(INFORMATION SUPPLIED):
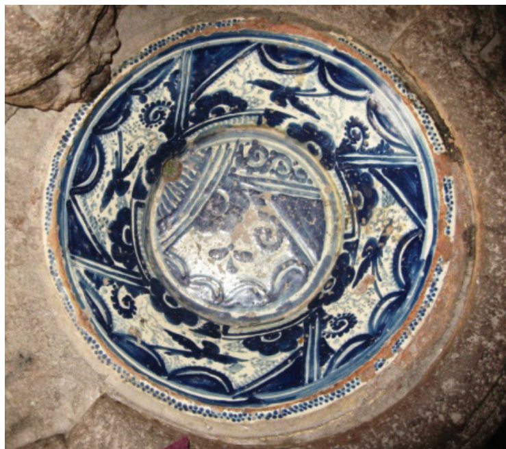
Plato de talavera, detalle de lavamanos, Ex convento de San Francisco. Pachuca, Hgo.
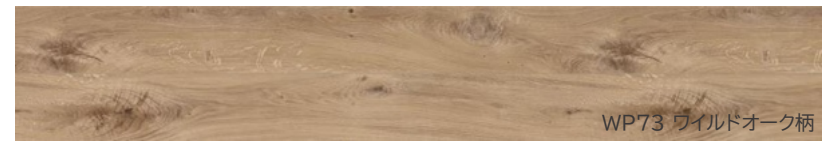
WP73 ワイルドオーク柄
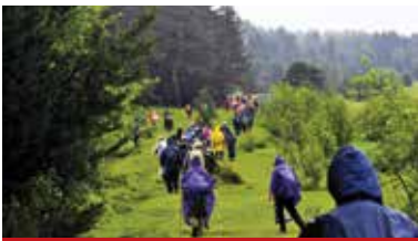
Atatürk ve İstiklal Yolu Yürüyüşü

Kurtuluş Savaşında Kastamonu halkının yapmış olduğu fedakârlıkları anmak ve "İstiklal" in kazanılması yolunda verilen mücadeleyi gelecek kuşaklara aktarılmasını sağlamak amacı ile her yıl Kastamonu - İnebolu arasındaki 95 km'lik "İstiklal Yolu Yürüyüşü" gerçekleştirilmektedir. İstiklal Yolu yürüyüşü, İnebolu Türk Ocağı önünden başlayarak 4 gün sürmekte olup, Kastamonu Cumhuriyet Meydanı'nda sona ermektedir.

(ABOUT THIS TASK): Only a number should be returned: the count of lines above that include "Yolu".

(RESPONSE): 2